**Problem statement**. Pictures aside, print all of the data below exactly as written.
··· Exercise data
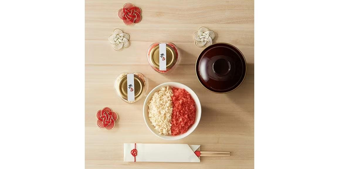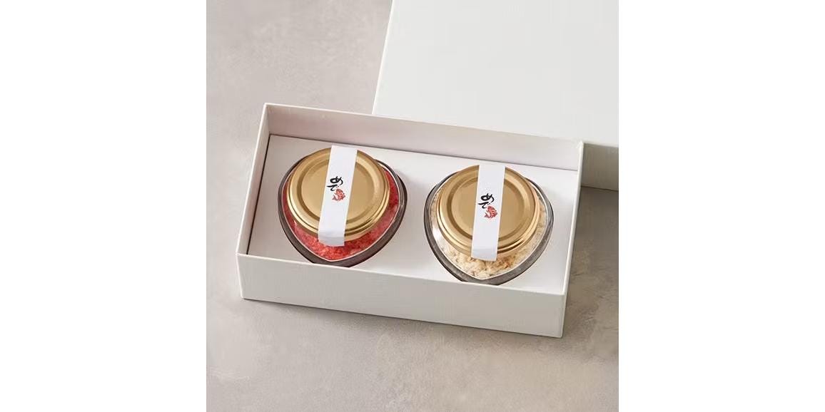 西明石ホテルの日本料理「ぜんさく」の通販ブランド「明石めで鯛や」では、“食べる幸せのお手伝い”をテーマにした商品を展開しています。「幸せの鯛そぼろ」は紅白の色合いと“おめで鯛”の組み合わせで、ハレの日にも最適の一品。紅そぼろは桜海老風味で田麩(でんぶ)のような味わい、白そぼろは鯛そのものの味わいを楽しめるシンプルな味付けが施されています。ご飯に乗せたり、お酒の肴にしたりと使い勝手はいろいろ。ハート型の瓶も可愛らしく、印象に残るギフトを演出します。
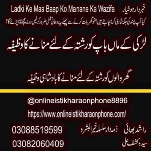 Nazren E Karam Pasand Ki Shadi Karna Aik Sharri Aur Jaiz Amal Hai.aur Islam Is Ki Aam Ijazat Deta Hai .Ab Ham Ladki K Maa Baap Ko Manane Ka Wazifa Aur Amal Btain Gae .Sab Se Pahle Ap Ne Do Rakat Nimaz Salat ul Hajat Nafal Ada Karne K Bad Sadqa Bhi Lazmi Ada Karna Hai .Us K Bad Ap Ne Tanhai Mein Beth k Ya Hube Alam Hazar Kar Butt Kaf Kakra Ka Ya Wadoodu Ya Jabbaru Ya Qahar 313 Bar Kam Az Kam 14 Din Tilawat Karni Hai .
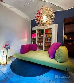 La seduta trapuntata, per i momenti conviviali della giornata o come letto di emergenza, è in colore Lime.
······
**Result**.
 西明石ホテルの日本料理「ぜんさく」の通販ブランド「明石めで鯛や」では、“食べる幸せのお手伝い”をテーマにした商品を展開しています。「幸せの鯛そぼろ」は紅白の色合いと“おめで鯛”の組み合わせで、ハレの日にも最適の一品。紅そぼろは桜海老風味で田麩(でんぶ)のような味わい、白そぼろは鯛そのものの味わいを楽しめるシンプルな味付けが施されています。ご飯に乗せたり、お酒の肴にしたりと使い勝手はいろいろ。ハート型の瓶も可愛らしく、印象に残るギフトを演出します。
 Nazren E Karam Pasand Ki Shadi Karna Aik Sharri Aur Jaiz Amal Hai.aur Islam Is Ki Aam Ijazat Deta Hai .Ab Ham Ladki K Maa Baap Ko Manane Ka Wazifa Aur Amal Btain Gae .Sab Se Pahle Ap Ne Do Rakat Nimaz Salat ul Hajat Nafal Ada Karne K Bad Sadqa Bhi Lazmi Ada Karna Hai .Us K Bad Ap Ne Tanhai Mein Beth k Ya Hube Alam Hazar Kar Butt Kaf Kakra Ka Ya Wadoodu Ya Jabbaru Ya Qahar 313 Bar Kam Az Kam 14 Din Tilawat Karni Hai .
 La seduta trapuntata, per i momenti conviviali della giornata o come letto di emergenza, è in colore Lime.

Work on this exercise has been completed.